THE RECORDS
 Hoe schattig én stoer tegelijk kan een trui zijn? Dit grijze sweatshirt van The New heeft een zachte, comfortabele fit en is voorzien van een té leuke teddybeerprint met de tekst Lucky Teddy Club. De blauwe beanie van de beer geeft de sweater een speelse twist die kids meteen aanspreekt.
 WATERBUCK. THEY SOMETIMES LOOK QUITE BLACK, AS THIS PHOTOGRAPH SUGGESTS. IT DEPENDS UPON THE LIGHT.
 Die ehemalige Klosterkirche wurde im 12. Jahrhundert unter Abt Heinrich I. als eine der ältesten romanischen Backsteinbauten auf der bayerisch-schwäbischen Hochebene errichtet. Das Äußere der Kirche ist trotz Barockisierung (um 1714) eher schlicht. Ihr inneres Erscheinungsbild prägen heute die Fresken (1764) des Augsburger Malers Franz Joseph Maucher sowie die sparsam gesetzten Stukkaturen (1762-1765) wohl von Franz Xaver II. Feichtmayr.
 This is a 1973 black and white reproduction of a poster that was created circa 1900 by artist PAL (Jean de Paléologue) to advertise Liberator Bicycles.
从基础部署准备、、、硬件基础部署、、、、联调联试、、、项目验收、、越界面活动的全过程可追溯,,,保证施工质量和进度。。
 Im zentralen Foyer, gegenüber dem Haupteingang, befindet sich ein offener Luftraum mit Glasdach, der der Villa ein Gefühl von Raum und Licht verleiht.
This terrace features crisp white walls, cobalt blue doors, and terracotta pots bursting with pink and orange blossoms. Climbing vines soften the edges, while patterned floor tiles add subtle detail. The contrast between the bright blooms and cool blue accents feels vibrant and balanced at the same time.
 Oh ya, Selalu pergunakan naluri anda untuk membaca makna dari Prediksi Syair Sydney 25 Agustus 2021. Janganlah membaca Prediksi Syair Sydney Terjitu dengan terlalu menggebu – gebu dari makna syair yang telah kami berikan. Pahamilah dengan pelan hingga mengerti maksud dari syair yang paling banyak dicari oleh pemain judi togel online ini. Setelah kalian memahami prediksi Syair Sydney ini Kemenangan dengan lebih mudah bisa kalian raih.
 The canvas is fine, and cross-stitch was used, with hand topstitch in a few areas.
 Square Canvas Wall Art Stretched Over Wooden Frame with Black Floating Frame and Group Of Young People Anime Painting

ACTION ITEM
Restate every record word for word.

YOUR SOLUTION
 Hoe schattig én stoer tegelijk kan een trui zijn? Dit grijze sweatshirt van The New heeft een zachte, comfortabele fit en is voorzien van een té leuke teddybeerprint met de tekst Lucky Teddy Club. De blauwe beanie van de beer geeft de sweater een speelse twist die kids meteen aanspreekt.
 WATERBUCK. THEY SOMETIMES LOOK QUITE BLACK, AS THIS PHOTOGRAPH SUGGESTS. IT DEPENDS UPON THE LIGHT.
 Die ehemalige Klosterkirche wurde im 12. Jahrhundert unter Abt Heinrich I. als eine der ältesten romanischen Backsteinbauten auf der bayerisch-schwäbischen Hochebene errichtet. Das Äußere der Kirche ist trotz Barockisierung (um 1714) eher schlicht. Ihr inneres Erscheinungsbild prägen heute die Fresken (1764) des Augsburger Malers Franz Joseph Maucher sowie die sparsam gesetzten Stukkaturen (1762-1765) wohl von Franz Xaver II. Feichtmayr.
 This is a 1973 black and white reproduction of a poster that was created circa 1900 by artist PAL (Jean de Paléologue) to advertise Liberator Bicycles.
从基础部署准备、、、硬件基础部署、、、、联调联试、、、项目验收、、越界面活动的全过程可追溯,,,保证施工质量和进度。。
 Im zentralen Foyer, gegenüber dem Haupteingang, befindet sich ein offener Luftraum mit Glasdach, der der Villa ein Gefühl von Raum und Licht verleiht.
This terrace features crisp white walls, cobalt blue doors, and terracotta pots bursting with pink and orange blossoms. Climbing vines soften the edges, while patterned floor tiles add subtle detail. The contrast between the bright blooms and cool blue accents feels vibrant and balanced at the same time.
 Oh ya, Selalu pergunakan naluri anda untuk membaca makna dari Prediksi Syair Sydney 25 Agustus 2021. Janganlah membaca Prediksi Syair Sydney Terjitu dengan terlalu menggebu – gebu dari makna syair yang telah kami berikan. Pahamilah dengan pelan hingga mengerti maksud dari syair yang paling banyak dicari oleh pemain judi togel online ini. Setelah kalian memahami prediksi Syair Sydney ini Kemenangan dengan lebih mudah bisa kalian raih.
 The canvas is fine, and cross-stitch was used, with hand topstitch in a few areas.
 Square Canvas Wall Art Stretched Over Wooden Frame with Black Floating Frame and Group Of Young People Anime Painting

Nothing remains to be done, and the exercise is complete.